As peace talks between the Lord’s Resistance Army (LRA) and the Ugandan government continue in Juba, southern Sudan, the government is reportedly considering making direct contact with prominent leaders of the LRA. Vincent Otti, the second in command of the rebel group, has reportedly been in touch with senior government officials. Meanwhile, the possibility of direct negotiations with Kony was discussed in Maridi, a city in southwestern Sudan. Kirunda Kivajinja is Uganda’s minister of information; he spoke with VOA English to Africa reporter Peter Clottey about his governments’ efforts to establish direct contact with the leadership of the rebel group.
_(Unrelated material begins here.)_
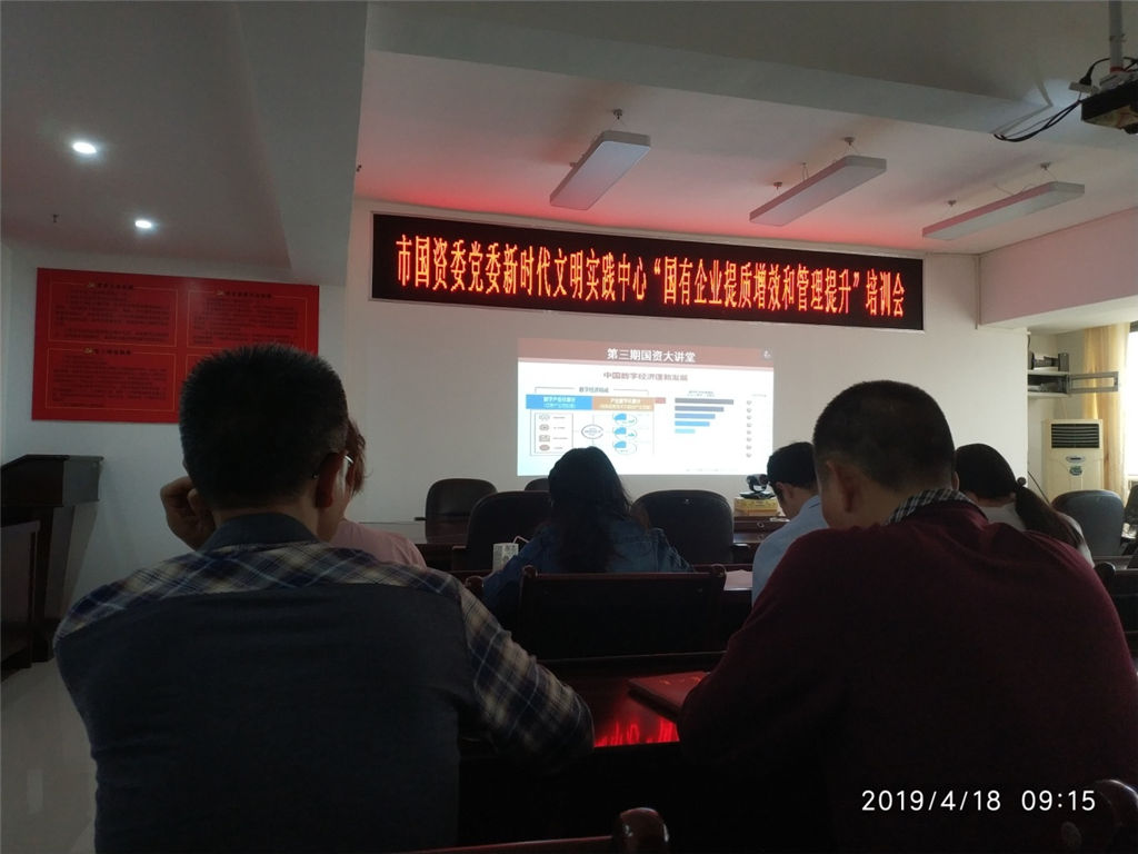 4 月 18 日 上 午 9:00 , 在 市 國 資 委 1220 會 議 室 舉 行 了 第 三期國資大講壇視頻會議, 會議主題為國有企業提質增效管 理和提升。

“We had demanded that Kony himself and his top aides should lead the talks. So that whatever is agreed is conclusive and has no any other further court of appeal. But that one could not be attained because Kony and his top aides were jittered. They feared that there may be many forces and any of them could be abducted…. We understood and accepted the second option. But as far as we are concerned, as government, we are directly in talks. But there may be other people who are contacting him and it’s not the government. The government has got direct talks with him in terms of his delegation, but Ugandans who are anxious that peace is around and who may have their own ways of reaching him may be talking to him.”
Kivajinja explains that his government is unable to guarantee the safety of Kony and his top aides during peace talks. “Now the question is that, first of all you know that the problem of sovereignty. The talks are being held in southern Sudan. The Ugandan government does not extend its territorial sovereignty so we cannot guarantee that situation. Secondly, in his atrocities, he has committed quite a lot of atrocities and many people other than the government may have personal grudges on him. So all these situations cannot be guaranteed by government.”
Kivajinja says, “As far as we are concerned, from the report we have been receiving from Juba, the talks are proceeding. Because there were preliminary remarks, we have put our nine-point program, and they are also putting theirs. So they have been put up in an agenda and they are discussing one by one.”